It’s become a national madness.
Parents are bombarding their children with activities in order for them to be the best, do the best and be perfect.
If they don’t, they believe they fail as parents, according to Alvin Rosenfeld.
Rosenfeld, a child and adult psychiatrist, spoke to a crowd of about 100 last night in Van Meter Auditorium about his book “The Over-Scheduled Child.” The book discusses how parents need to make a balance between family time and extracurricular activities.
Rosenfeld emphasized the importance of parents focusing on their children’s learning and thinking, rather than a grade or the list of extracurricular activities a child has.

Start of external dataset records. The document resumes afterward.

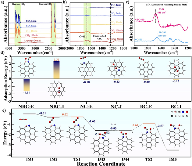 圖2.理論計算結(jié)合原位紅外揭示N-B位點(diǎn)活化轉(zhuǎn)化CO2新機(jī)制
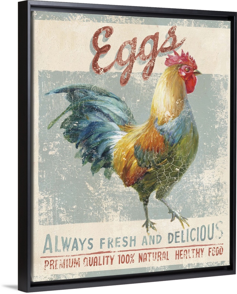 <p>Contemporary folk art decor of a rustic weathered sign for farm fresh eggs.</p>
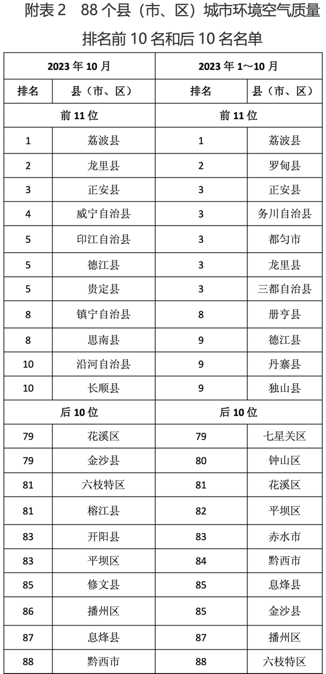 依据《城市环境空气质量排名技术规定》,按综合指数进行排序,2023年10月,88个县(市、区)城市环境空气质量相对较好的前11位(从第1名到第10名,含并列)为:荔波县、龙里县、正安县、威宁自治县、印江自治县、德江县、贵定县、镇宁自治县、思南县、沿河自治县、长顺县,城市环境空气质量相对较差的后10位(从第79名到第88名,含并列)为:花溪区、金沙县、六枝特区、榕江县、开阳县、平坝区、修文县、播州区、息烽县、黔西市;2023年1~10月,88个县(市、区)城市环境空气质量相对较好的前11位(从第1名到第9名,含并列)为:荔波县、罗甸县、正安县、务川自治县、都匀市、龙里县、三都自治县、册亨县、德江县、丹寨县、独山县,城市环境空气质量相对较差的后10位(从第79名到第88名,含并列)为:七星关区、钟山区、花溪区、平坝区、赤水市、黔西市、息烽县、金沙县、播州区、六枝特区(见附表2)。

“Sports isn’t for fun anymore,” Rosenfeld said. “Enjoyment doesn’t matter anymore.”
Bowling Green senior Jacquetta Butts, a psychology major, said she was an overworked child.
“It’s all about the grades, not extracurriculars. They don’t care what you’ve done,” Butts said. “I learn from my mistakes. They should work more on what you don’t know than what you do know.”

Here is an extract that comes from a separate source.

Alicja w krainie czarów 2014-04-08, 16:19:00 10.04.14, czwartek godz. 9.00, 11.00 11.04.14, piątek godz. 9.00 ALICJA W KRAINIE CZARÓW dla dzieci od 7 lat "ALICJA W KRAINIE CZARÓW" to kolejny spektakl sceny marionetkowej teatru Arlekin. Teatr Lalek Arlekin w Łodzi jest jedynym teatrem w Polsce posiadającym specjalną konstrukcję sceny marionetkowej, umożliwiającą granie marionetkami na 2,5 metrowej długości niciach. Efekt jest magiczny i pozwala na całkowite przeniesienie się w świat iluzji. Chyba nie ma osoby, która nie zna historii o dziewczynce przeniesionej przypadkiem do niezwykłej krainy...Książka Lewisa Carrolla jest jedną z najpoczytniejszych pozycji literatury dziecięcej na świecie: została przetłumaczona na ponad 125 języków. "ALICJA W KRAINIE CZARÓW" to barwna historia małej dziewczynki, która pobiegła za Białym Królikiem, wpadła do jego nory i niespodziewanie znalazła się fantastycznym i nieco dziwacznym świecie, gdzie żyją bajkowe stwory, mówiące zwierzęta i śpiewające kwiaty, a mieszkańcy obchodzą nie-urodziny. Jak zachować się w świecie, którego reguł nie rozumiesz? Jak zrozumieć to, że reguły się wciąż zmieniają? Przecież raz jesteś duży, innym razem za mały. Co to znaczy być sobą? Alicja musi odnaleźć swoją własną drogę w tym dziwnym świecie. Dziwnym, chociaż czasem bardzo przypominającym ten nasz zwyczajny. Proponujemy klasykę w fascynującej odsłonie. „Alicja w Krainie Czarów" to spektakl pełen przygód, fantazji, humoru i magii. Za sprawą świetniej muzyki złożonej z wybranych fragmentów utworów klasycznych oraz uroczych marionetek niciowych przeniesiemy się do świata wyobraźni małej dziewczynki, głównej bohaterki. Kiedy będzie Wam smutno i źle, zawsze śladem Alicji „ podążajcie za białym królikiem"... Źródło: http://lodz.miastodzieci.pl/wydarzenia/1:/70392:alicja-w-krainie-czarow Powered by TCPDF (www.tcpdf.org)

Rosenfeld said that children learn to do community service to look like they have a good heart and to get on the teachers’ good side. If parents don’t balance their child’s time, he will feel like he has to have a resum? on steroids.
“I don’t have the answer for the whole society, but it’s a destructive trend for kids,” he said. “All (that) matters is grades and resumes.”

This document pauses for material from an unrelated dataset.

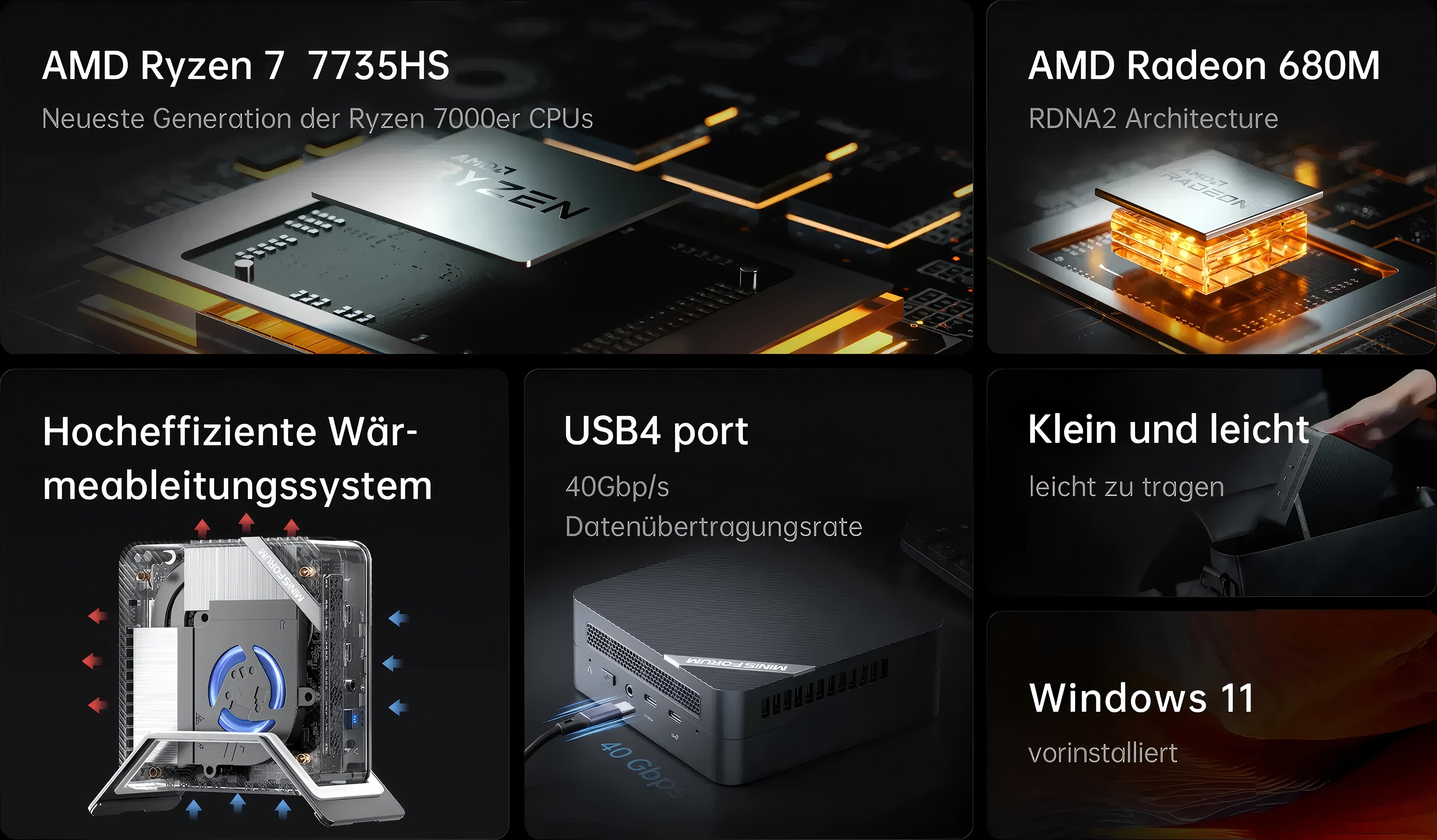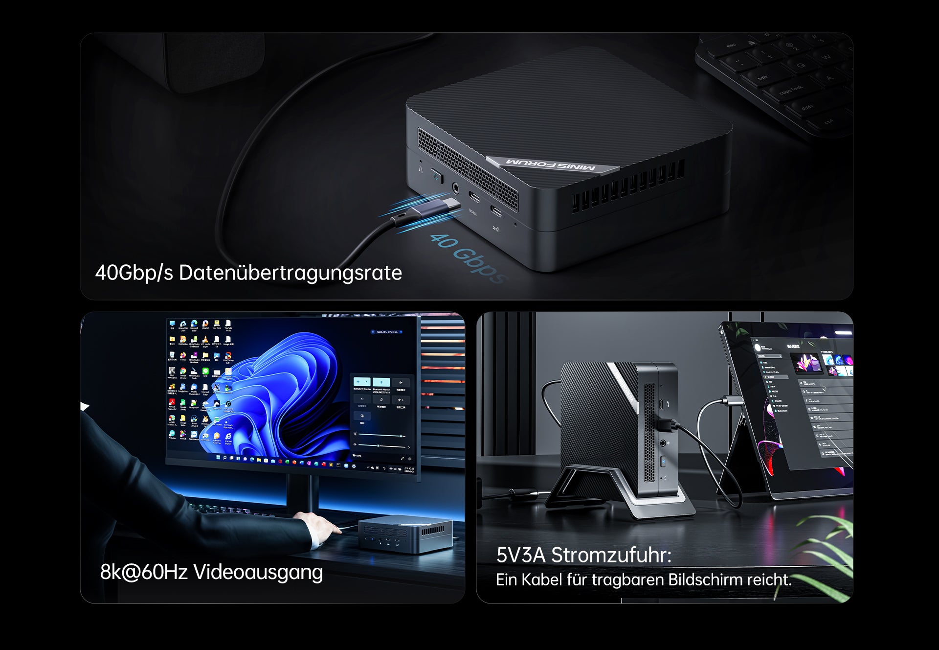 Das UM773 Lite ist mit einem voll funktionsfähigen USB4-Anschluss ausgestattet. Dieser vielseitige Anschluss bietet nicht nur eine Datenübertragungsgeschwindigkeit von bis zu 40Gbps und eine 8K@60Hz-Anzeige, sondern unterstützt auch eine 5V3A-Stromversorgung.

Parents should instead try to make the effort to build relationships with their children, he said.
“That’s what makes life good … one good relationship,” he said.
Psychology professor Katrina Phelps introduced Rosenfeld and said she enjoyed how he displayed his message.
“It was not filled with jargon,” she said. “It was easy to understand. That’s one of the goals of the series, for anyone to receive something from it.”
Rosenfeld’s lecture is a part of the Mary E. Hensley Lecture Series which is dedicated to Hensley, a Western alumna.